Budapest averaged about 68% occupancy over the 2025-06 to 2026-05 period, equating to roughly 246 booked nights per year. That is a healthy, high-occupancy figure driven by steady European city-break and nightlife demand, though hosts earn through volume rather than high rates: the average daily rate sits around 84€, low by Western-European standards.
Summer is peak, with July and August carrying the heaviest demand, the Sziget Festival (11-15 August 2026) is the single biggest spike. May is also strong, helped by the Budapest Spring Festival, and December gains from the Christmas markets.
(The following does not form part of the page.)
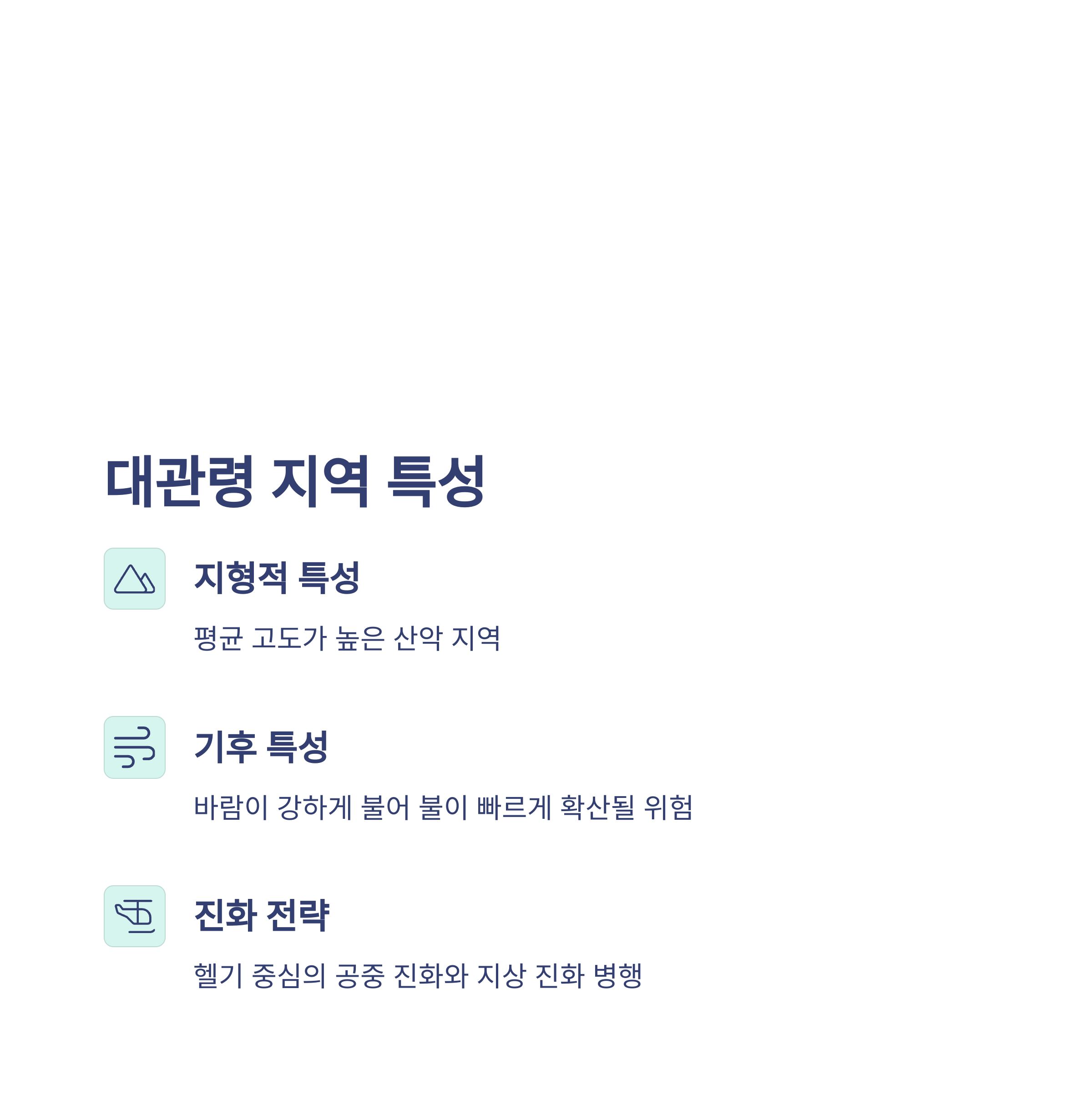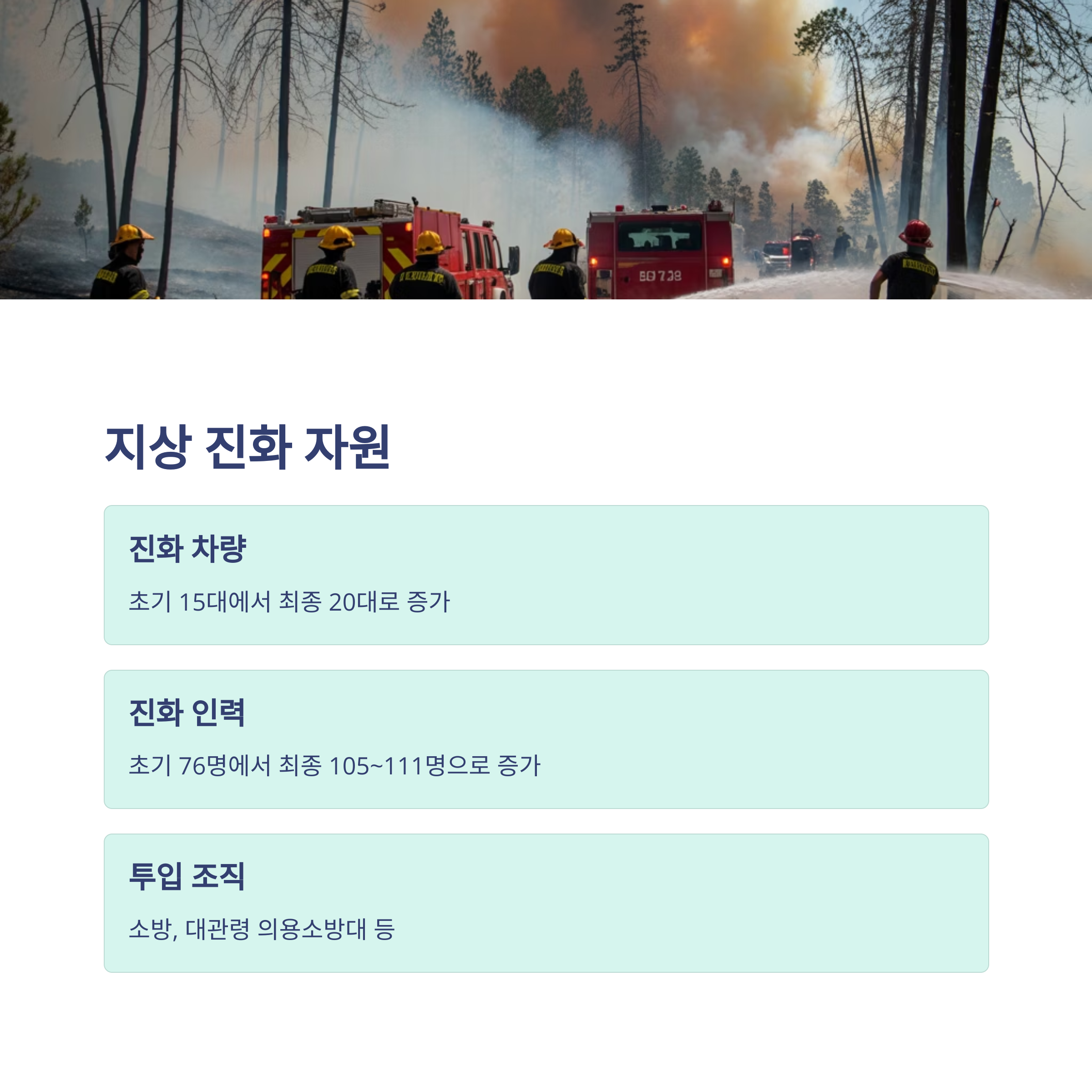 헬기를 통한 공중 진화와 지상 차량 및 인력을 동시에 배치하는 이중 대응 전략을 펼친 것이 큰 효과를 발휘했습니다.

January and February are the weakest months, so use dynamic pricing to push summer and holiday rates and discount the winter lull.
Yes, and the rules tightened sharply for 2026. You must register with Hungary's NTAK national tourism system and pay tourist tax, but a moratorium blocks all new registrations through 31 December 2026. District VI (Terézváros) banned apartment short-term lets entirely from 1 January 2026. Always check the specific district's current day caps and status before buying.
District V (downtown, by the river) commands the highest rates and steadiest year-round demand, while District VII, the party-driven Jewish Quarter, delivers very high occupancy but more scrutiny. Buda's Castle District suits quieter, spa-oriented guests. Critically, avoid District VI, where short-term lets are now banned, and confirm any district's regulatory status before committing.